:: Dataset excerpts

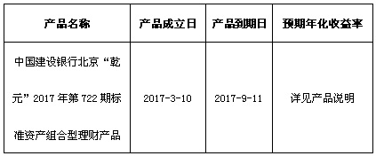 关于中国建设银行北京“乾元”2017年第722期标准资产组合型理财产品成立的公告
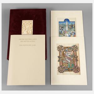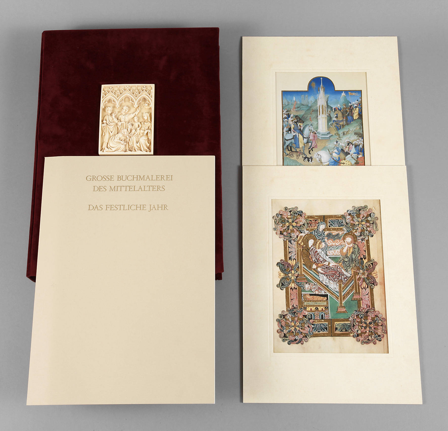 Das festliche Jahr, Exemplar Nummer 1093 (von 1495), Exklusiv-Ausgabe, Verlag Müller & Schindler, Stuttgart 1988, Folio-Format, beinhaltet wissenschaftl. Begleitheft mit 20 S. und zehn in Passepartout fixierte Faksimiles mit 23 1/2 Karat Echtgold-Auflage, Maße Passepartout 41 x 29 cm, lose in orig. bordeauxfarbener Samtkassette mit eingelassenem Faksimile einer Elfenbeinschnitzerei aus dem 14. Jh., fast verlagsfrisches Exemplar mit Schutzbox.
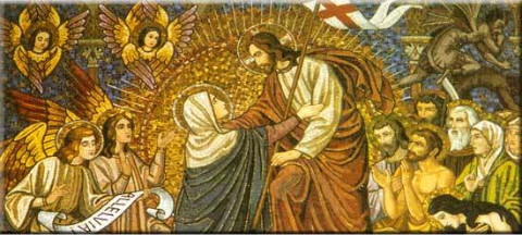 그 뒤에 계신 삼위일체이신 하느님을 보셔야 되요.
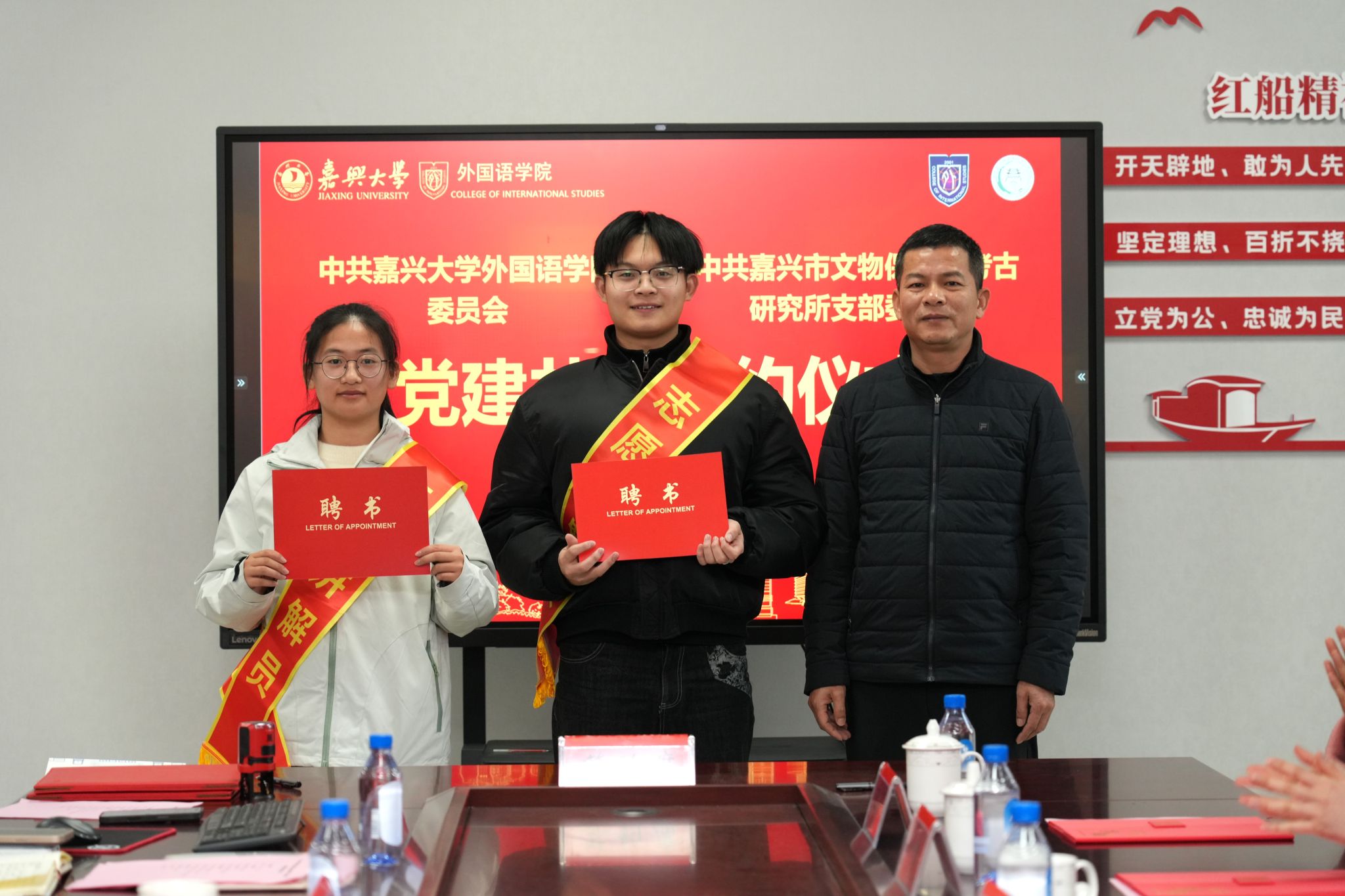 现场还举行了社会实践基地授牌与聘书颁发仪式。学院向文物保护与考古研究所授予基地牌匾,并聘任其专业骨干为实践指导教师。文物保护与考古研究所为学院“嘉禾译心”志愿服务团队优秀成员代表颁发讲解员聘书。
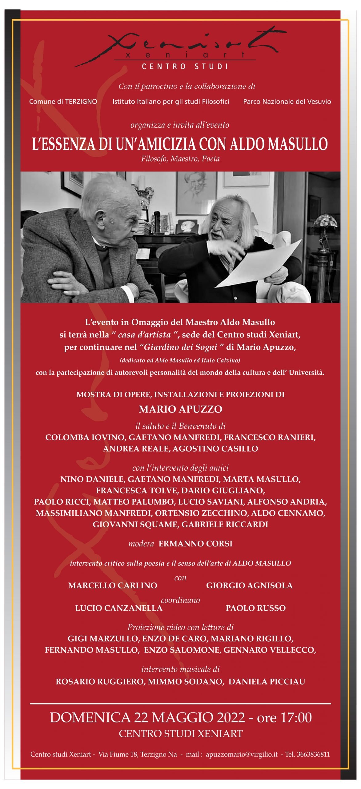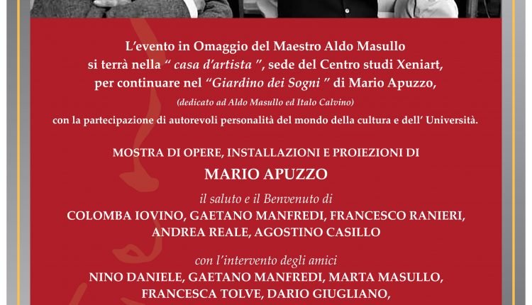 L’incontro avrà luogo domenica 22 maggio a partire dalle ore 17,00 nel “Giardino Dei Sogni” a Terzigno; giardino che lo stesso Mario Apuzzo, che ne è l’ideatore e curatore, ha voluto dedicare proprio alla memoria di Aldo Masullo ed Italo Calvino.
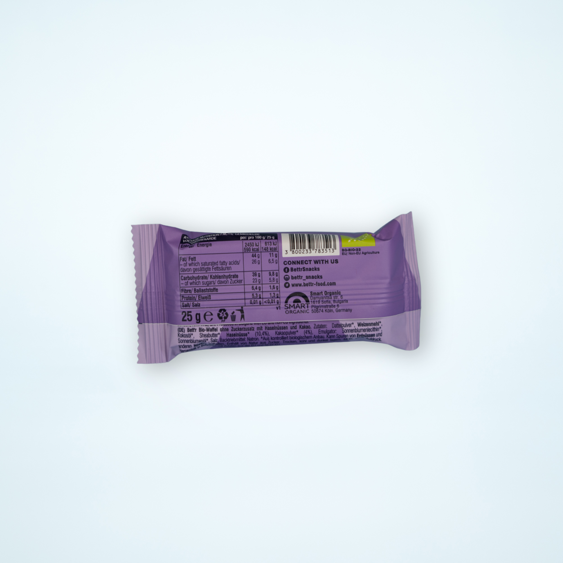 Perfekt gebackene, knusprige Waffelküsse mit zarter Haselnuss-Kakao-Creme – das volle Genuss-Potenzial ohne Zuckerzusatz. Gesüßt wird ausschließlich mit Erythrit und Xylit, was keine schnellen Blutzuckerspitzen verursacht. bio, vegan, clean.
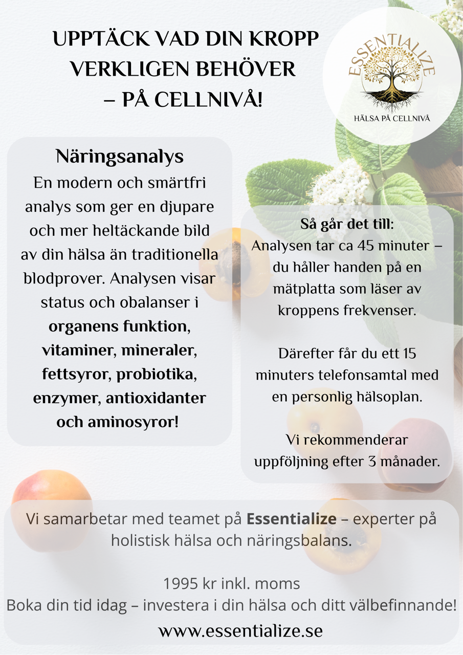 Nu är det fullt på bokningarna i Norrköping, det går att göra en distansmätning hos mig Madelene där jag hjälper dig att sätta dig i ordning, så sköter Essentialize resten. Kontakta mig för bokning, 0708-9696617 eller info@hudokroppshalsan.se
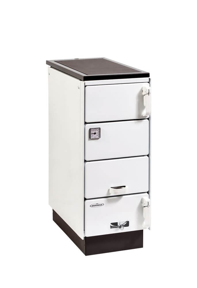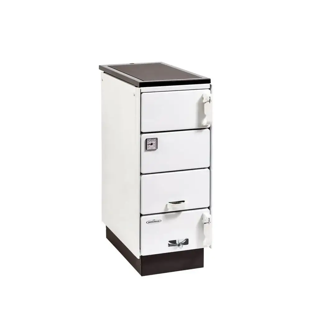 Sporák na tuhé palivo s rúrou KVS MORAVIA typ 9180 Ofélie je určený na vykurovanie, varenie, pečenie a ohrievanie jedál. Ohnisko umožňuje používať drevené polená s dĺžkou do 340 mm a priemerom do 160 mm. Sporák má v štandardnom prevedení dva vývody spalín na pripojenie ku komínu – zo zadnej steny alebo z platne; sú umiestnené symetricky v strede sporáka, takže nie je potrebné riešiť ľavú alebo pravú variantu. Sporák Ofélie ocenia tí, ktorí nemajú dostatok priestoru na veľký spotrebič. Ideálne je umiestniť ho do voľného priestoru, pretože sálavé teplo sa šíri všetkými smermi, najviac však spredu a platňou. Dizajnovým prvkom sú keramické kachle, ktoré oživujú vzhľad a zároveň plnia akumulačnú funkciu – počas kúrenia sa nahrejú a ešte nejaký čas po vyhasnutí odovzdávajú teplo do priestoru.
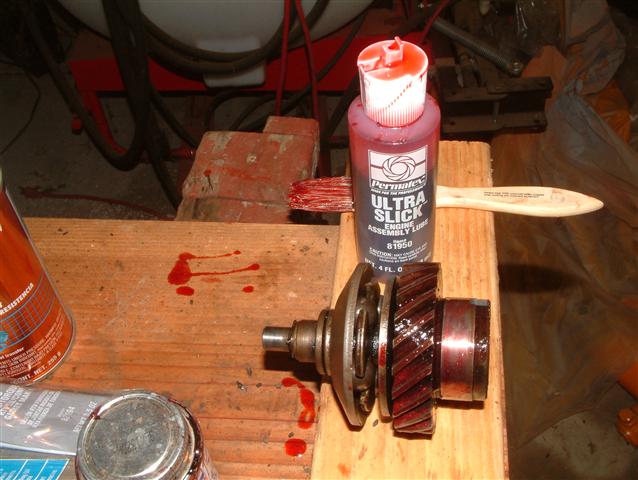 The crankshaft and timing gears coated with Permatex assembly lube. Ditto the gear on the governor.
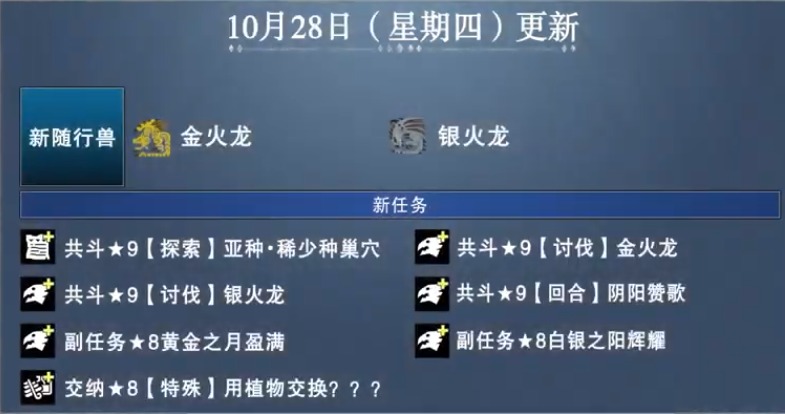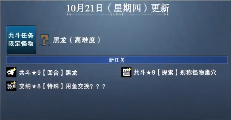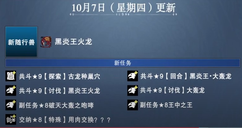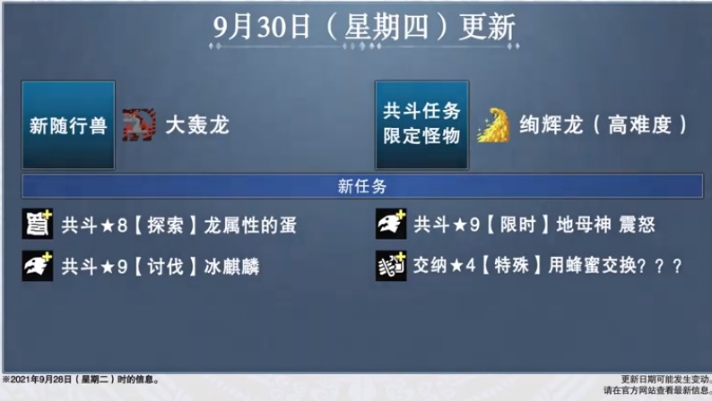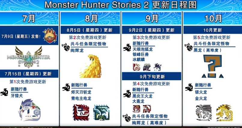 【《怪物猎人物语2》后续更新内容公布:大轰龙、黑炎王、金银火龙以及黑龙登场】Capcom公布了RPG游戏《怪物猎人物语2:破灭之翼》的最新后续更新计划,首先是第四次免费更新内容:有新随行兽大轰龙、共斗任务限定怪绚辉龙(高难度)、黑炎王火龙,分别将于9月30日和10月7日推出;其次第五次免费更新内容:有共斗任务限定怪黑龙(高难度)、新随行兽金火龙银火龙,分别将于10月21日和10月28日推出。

::::

-- Task brief --
The lines to retype run from the one containing "The crankshaft and" through the last line of the records above; write them exactly and skip the pictures.

-- Finished task --
 The crankshaft and timing gears coated with Permatex assembly lube. Ditto the gear on the governor.
 【《怪物猎人物语2》后续更新内容公布:大轰龙、黑炎王、金银火龙以及黑龙登场】Capcom公布了RPG游戏《怪物猎人物语2:破灭之翼》的最新后续更新计划,首先是第四次免费更新内容:有新随行兽大轰龙、共斗任务限定怪绚辉龙(高难度)、黑炎王火龙,分别将于9月30日和10月7日推出;其次第五次免费更新内容:有共斗任务限定怪黑龙(高难度)、新随行兽金火龙银火龙,分别将于10月21日和10月28日推出。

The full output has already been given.